Концерты на этой неделе были все неинтересные, благотворительные, сборные. Тенор, баритон, она сама, другое меццо-сопрано из оперы, скрипка, виолончель, декламаторша, рассказчик… Тверская не любила этих концертов. Они претили ее художественному вкусу, потому что в них не было гармонии, цельности. Но отказать она не могла. Молодежь так просила помочь ей, а, обещав, Тверская никогда не обманывала.

Сегодня она выступала во втором отделении, после старого виолончелиста. Когда она вышла на эстраду, она сразу увидела — в третьем ряду — Морозова.

Спела свой номер, спела один бис, другой, третий. Вышла в четвертый раз.

Тверская стала у рампы — корзина цветов у ее ног — бледно-палевых роз, таких, как та, какую она подарила Морозову.

— Душечка девица, бояре идут! — начала она. И уже она знала, что поет тому, кто поднес ей цветы. Она смотрела на нею и улыбалась не зале и не публике, а ему одному…

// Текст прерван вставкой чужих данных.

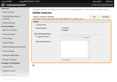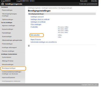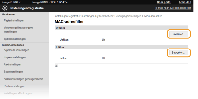 Controleren op typefouten Als u MAC-adressen verkeerd invoert, kunt u het apparaat mogelijk niet bereiken vanuit de UI op afstand. Dan moet u <MAC-adresfilter> instellen op <Uit>. MAC-adresfilter

Выйду на улицу — всем-то поклонюсь…
Одному боярину ниже, да ниже всех!
За то ниже всех, что он лучше всех,
Белый, румяный, молодой да холостой!



Тверская видела издали, как засияло в улыбке лицо Морозова.

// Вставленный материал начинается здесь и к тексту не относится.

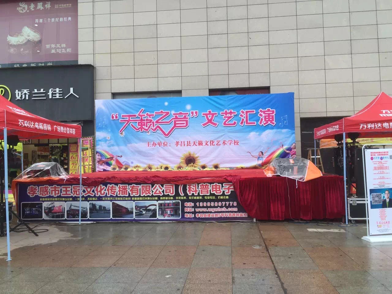 孝感市王冠文化傳播有限公司是由孝昌科普電子獨(dú)資,承接演出、奠基開(kāi)盤(pán)、門(mén)店開(kāi)業(yè)、企業(yè)年會(huì)、比賽及社會(huì)公益活動(dòng)的策劃和執(zhí)行。對(duì)外出租LED屏、音響、舞臺(tái)、燈光、投影、桁架。代理整合主持人、演員、模特、明星等節(jié)目資源。

На другой день опять концерт, совсем небольшой, в зале Петровского училища на Фонтанке, опять такой же сборный, в пользу воспитанников Петровского училища, учащихся в высших учебных заведениях. Она приехала. Чувствовала себя не в голосе и на программе стояла небольшая вещь — один номер. «Captive» — Lalo («Пленница», романс Лало). Но она вышла и увидала его. И опять корзина палевых роз, никнущих на тонких проволоках. И опять бисы — и опять «Душечка-девица» Даргомыжского.

Белый, румяный, молодой да холостой.

Так было каждый день в течение почти недели до Благовещения. Это становилось заметно. Про нее могли начать говорить. Это было, может быть, глупо, но это было хорошо. И каждое утро она мечтала, как вечером увидит его сияющее лицо и будет петь ему. Ему одному.

Когда Тверская разучивала новые вещи, занимаясь с Андреем Андреевичем, она как-то отходила, забывала про Морозова, а когда вспоминала, то сознавала, что это все очень глупо. Но когда она оставалась одна, то мечтала, как весной он приедет гостить к ним в Ополье со своей Русалкой и как они будут ездить вдвоем — он на Русалке, она на Львице. И тогда это казалось совсем не глупо, а очень хорошо.